3.2 Preparation of cyclo[n]carbons
3.2.1 Early attempt at synthesis of cyclo[n]carbon
Laboratory preparation of cyclo[n]carbon is divided into two routes, with one involving the vaporization of graphite to produce carbon clusters, and the other relying on molecular precursors [80]. Carbon clusters from graphite vaporization are mainly associated with high-temperature methods, such as laser ablation, to yield carbon clusters containing both linear and cyclic isomers. However, short polyynes typically prevail, accompanied by fewer cyclic isomers [81]. The structure of cyclo[n]carbon generated through this vaporization process is inherently unstable and exists only in the gas phase, limiting its structural observation [82,83]. In addition, attempts were made to synthesize cyclo[n]carbon through chemical methods.

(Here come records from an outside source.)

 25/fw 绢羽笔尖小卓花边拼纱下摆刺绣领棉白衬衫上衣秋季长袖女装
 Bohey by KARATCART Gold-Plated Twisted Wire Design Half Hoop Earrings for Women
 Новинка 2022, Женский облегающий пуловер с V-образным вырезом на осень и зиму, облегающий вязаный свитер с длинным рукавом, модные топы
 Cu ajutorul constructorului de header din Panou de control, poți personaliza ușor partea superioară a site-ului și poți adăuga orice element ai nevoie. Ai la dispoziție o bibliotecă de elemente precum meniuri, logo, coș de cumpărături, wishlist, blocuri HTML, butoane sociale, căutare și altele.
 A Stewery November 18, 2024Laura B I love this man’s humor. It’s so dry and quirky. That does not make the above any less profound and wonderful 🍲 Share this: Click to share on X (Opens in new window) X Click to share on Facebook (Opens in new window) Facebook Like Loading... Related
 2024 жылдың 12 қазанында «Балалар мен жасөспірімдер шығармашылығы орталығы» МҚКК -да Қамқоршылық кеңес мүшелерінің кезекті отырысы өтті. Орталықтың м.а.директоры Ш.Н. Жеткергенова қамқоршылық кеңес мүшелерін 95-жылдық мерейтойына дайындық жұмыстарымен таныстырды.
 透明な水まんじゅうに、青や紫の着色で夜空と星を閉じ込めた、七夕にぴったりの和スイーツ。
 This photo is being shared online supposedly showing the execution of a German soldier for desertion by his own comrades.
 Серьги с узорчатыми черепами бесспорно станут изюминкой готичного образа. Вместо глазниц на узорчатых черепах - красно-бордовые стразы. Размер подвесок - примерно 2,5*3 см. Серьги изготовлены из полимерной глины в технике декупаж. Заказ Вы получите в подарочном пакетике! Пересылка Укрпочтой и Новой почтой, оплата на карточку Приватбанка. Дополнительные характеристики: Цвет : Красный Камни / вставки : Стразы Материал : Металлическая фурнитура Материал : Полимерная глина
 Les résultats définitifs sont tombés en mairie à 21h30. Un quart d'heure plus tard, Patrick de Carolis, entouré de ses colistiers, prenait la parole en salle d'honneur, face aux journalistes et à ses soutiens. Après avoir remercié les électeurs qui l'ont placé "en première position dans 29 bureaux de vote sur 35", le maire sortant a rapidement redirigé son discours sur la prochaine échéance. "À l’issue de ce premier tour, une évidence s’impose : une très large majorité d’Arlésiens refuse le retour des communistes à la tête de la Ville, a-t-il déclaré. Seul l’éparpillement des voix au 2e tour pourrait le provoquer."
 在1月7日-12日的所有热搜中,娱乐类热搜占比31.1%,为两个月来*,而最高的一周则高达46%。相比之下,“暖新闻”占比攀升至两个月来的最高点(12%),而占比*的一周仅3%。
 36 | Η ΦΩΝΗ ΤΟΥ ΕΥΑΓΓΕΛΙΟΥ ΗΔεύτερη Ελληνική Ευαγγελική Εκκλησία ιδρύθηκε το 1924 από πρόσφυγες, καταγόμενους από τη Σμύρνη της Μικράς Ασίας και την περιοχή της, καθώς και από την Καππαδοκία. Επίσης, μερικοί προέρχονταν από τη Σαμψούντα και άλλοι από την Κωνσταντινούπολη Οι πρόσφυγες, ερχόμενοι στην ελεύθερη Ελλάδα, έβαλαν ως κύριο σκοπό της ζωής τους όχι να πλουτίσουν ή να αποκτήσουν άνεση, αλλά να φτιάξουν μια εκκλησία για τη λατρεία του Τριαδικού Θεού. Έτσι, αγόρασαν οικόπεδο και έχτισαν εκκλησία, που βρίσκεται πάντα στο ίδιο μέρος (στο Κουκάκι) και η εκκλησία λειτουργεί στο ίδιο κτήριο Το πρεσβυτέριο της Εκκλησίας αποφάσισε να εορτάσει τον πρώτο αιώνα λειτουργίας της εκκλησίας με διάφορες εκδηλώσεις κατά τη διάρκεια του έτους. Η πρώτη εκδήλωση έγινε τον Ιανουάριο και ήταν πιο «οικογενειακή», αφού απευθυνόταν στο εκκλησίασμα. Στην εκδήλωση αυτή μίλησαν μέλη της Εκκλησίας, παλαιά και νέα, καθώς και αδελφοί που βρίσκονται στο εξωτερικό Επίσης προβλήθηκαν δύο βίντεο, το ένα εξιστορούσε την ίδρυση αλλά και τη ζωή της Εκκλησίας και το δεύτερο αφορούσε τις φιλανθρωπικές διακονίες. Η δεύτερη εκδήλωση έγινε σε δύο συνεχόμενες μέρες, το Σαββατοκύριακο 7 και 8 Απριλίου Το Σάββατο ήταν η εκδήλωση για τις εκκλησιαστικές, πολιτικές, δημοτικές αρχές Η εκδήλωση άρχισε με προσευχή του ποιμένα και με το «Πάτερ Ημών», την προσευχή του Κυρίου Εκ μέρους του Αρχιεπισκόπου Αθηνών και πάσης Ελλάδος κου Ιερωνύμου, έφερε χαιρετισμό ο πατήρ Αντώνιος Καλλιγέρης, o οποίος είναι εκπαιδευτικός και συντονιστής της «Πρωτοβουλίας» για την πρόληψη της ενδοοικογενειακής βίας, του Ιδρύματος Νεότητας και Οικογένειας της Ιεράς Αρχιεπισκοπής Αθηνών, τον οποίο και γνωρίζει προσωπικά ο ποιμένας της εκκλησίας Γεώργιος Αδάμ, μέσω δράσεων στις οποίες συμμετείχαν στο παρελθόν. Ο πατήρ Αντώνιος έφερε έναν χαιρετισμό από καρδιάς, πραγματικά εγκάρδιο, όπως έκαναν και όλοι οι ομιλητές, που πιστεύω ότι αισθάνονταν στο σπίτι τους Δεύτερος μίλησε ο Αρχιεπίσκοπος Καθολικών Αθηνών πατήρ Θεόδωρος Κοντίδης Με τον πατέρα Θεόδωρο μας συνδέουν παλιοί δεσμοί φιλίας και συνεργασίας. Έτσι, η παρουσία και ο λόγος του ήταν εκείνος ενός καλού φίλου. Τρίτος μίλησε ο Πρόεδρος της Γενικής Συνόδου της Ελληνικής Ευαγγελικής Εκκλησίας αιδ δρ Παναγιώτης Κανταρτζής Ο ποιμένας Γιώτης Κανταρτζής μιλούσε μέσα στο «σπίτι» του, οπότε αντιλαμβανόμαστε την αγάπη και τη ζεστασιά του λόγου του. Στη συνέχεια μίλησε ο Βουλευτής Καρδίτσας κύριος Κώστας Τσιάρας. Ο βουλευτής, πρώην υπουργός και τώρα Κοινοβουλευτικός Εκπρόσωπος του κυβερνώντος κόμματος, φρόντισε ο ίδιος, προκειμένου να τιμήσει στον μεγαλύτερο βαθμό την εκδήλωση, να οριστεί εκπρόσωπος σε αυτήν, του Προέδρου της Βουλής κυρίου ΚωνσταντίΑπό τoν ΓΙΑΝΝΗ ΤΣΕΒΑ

In 1989, the first attempt to synthesize cyclo[n]carbon was achieved, employing a cyclic precursor based on an anthracene-masked alkyne equivalent and monitoring cyclo[18]carbon through time-of-flight mass spectrometry [84]. Over the ensuing decade, various reactive precursors (e.g., cyclo[n]carbon oxide precursor, propellane-annulated dehydroannulene, and others) were designed for cyclo[n]carbon synthesis [85-87]. In 2003, Tobe et al. prepared epoxide precursors of cyclo[18]carbon, cyclo[24]carbon, cyclo[36]carbon and analyzed them by mass spectrometry [86]. Although it was still not possible to successfully isolate the cyclo[n]carbon, this lays the foundation for subsequent studies on the preparation of molecular precursors. Selective production was achieved using designed precursors, and the resulting cyclo[n]carbon species proved too reactive to be isolated under ambient conditions [34,80,88].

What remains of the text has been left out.